Hemp seeds have long been used in Ayurveda for their tamasic (sedative) qualities, which can help you feel rejuvenated and induce deep sleep. Not only are they more nutritionally efficient than flax and chia seeds, but hemp oil extract is generally considered safe. It is also known to reduce inflammation due to its high omega-3 content and healthy omega-3 to omega-6 ratio. The use of hemp in the food and supplement industry is expected to expand in the coming years, with many potential social, economic, and health implications.
Research has shown that hemp seeds contain higher concentrations of melatonin than the aerial parts of the plant, which can help modulate sleep patterns. A new hydrolyzed hemp seed meal protein has been found to reduce oxidative stress factors in rats with spontaneous hypertension. Clinical trials are currently underway to prove or refute the safety of hemp dietary products and measure subsequent exposure to cannabinoids in participating subjects. The hormone melatonin has many diverse actions in plant physiology, such as growth, rooting, seed germination, and photosynthesis.
In a randomized, controlled, blind cross-over study involving 20 participants with atopic dermatitis, those who consumed 30 ml of hemp seed oil over a 20-week period showed reduced inflammation.

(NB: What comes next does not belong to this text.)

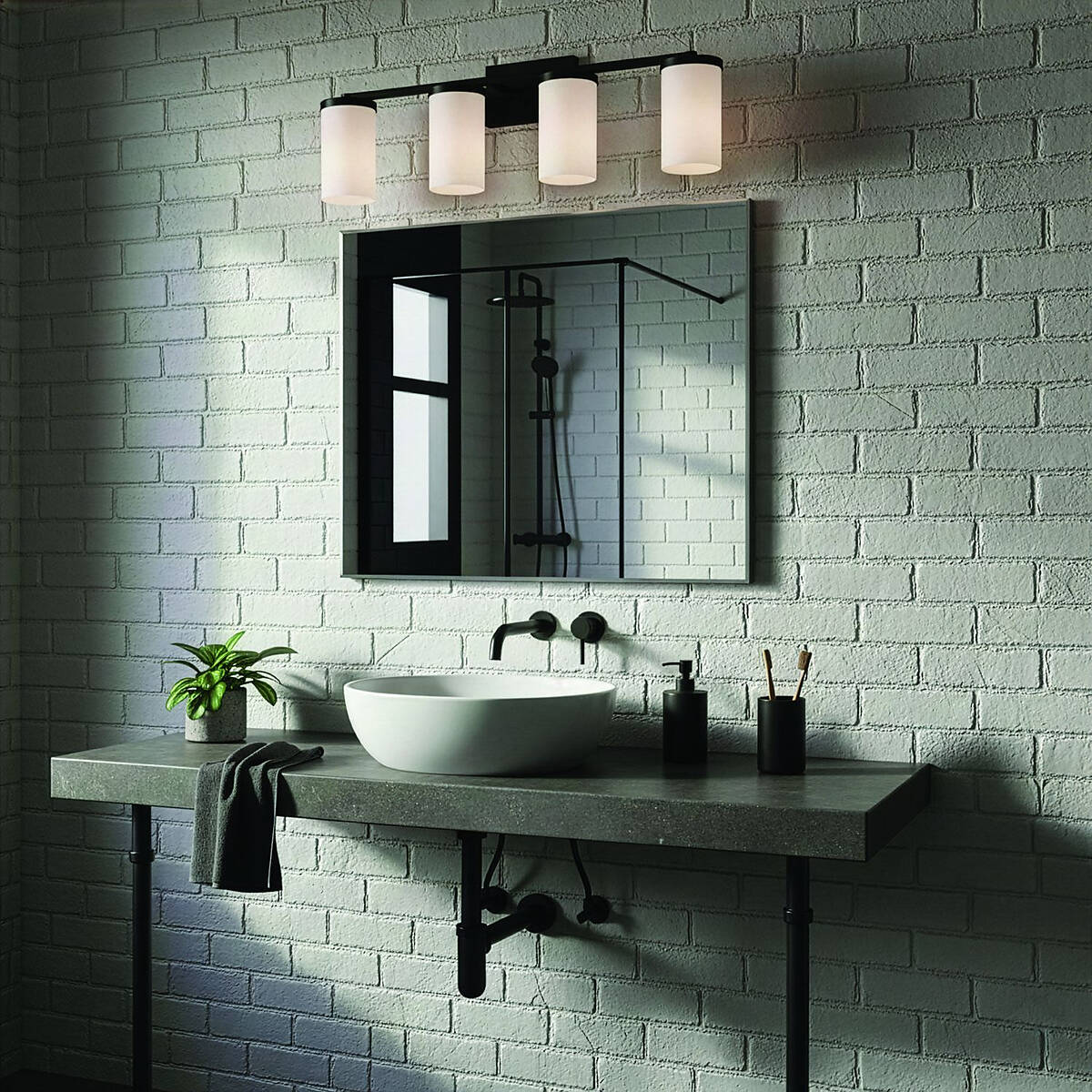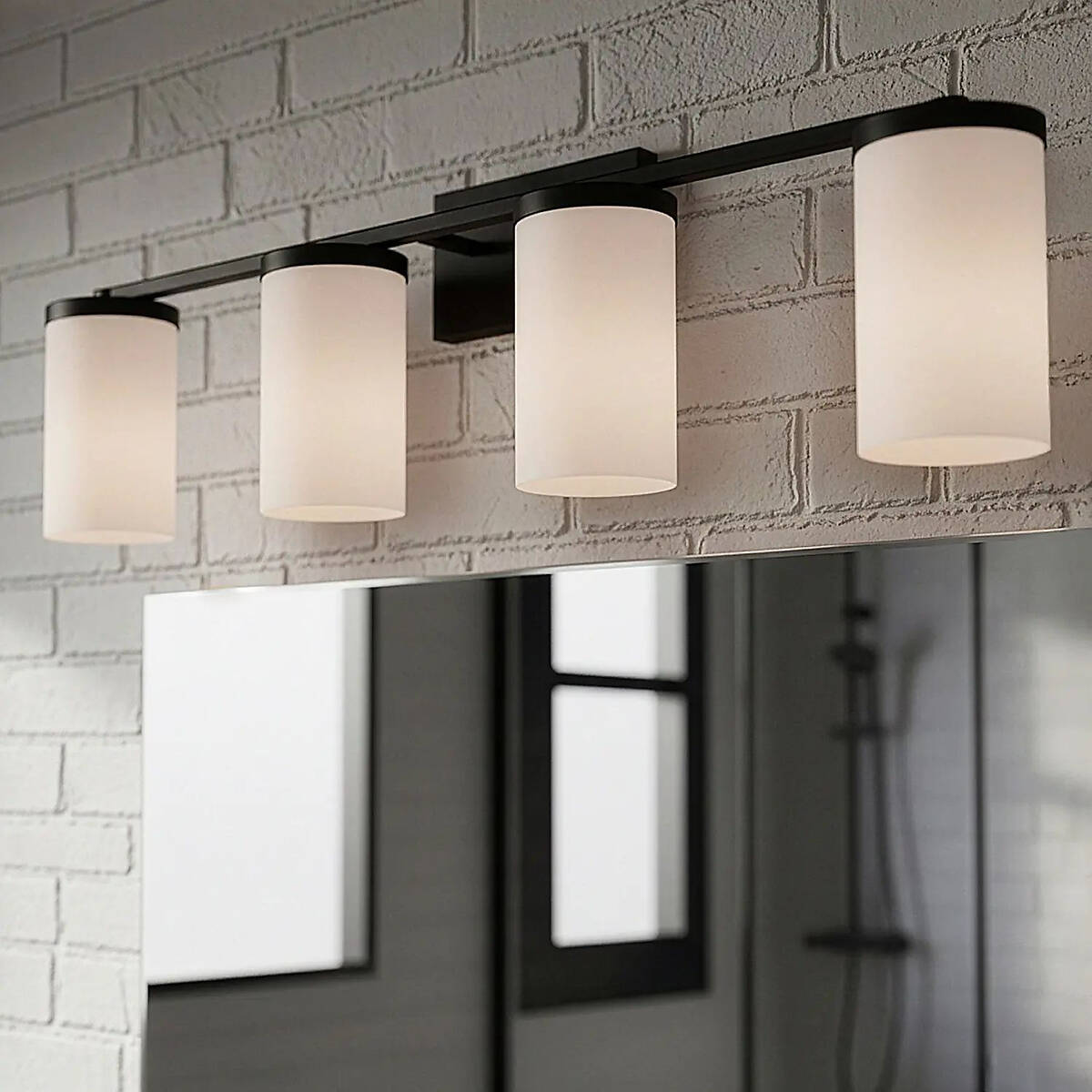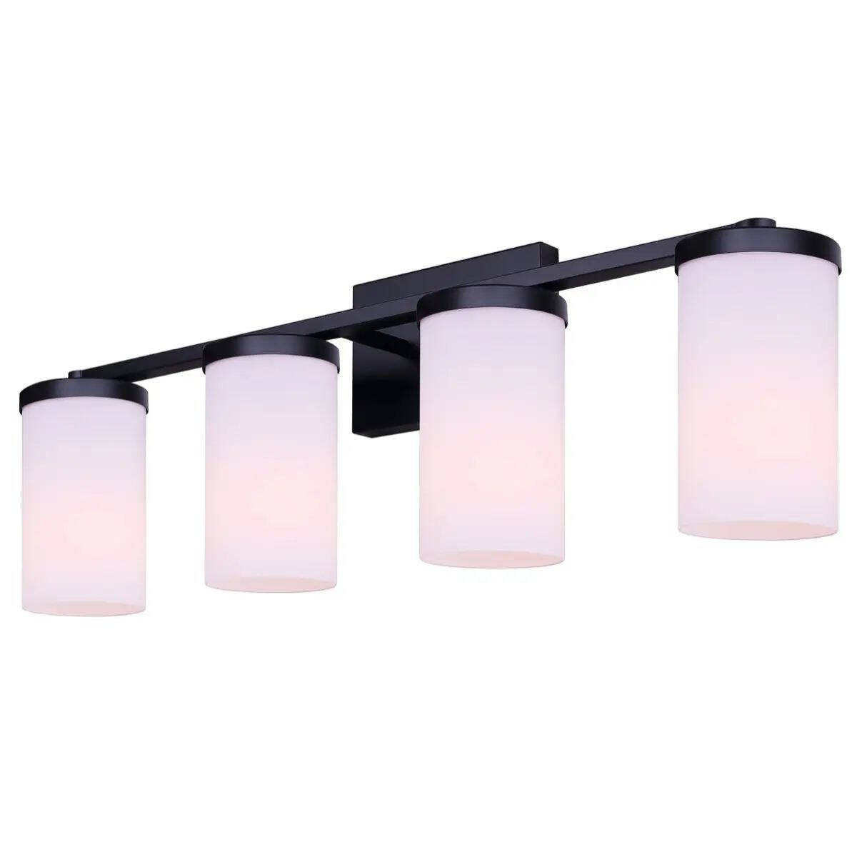 The BRITTON 4-light vanity combines modern style with reliable, builder-friendly performance, making it ideal for any bathroom project or remodel. Its matte black finish and four opal glass shades create clean, contemporary lines while providing bright, even illumination for grooming, makeup, or daily routines. Designed for 100W Type A bulbs (not included), BRITTON delivers ample light while maintaining a streamlined, versatile profile. Measuring 28 inches wide, 9.62 inches high, and 6.12 inches deep, it fits effortlessly above single- or double-vanity sinks and accommodates a variety of bathroom sizes. Built for lasting performance and easy installation, this fixture is perfect for both DIY projects and professional builds. With its balance of modern elegance and functional design, BRITTON enhances any space with polished style and dependable reliability.

Another trial involving 36 children with primary hyperlipidemia showed no improvement in their lipid profile after consuming 3 g of hemp oil.
Hempproteins are a valuable source of the sulfur-containing amino acids methionine and cystine and provide large amounts of arginine, an essential amino acid with beneficial cardiovascular properties. Hemp sprouts may also represent an attractive functional food due to their flavonoid and flavanol content.
This review article aims to provide a comprehensive perspective from a multidisciplinary perspective on the scientific evidence that supports the beneficial properties of hemp when consumed as a food or supplement.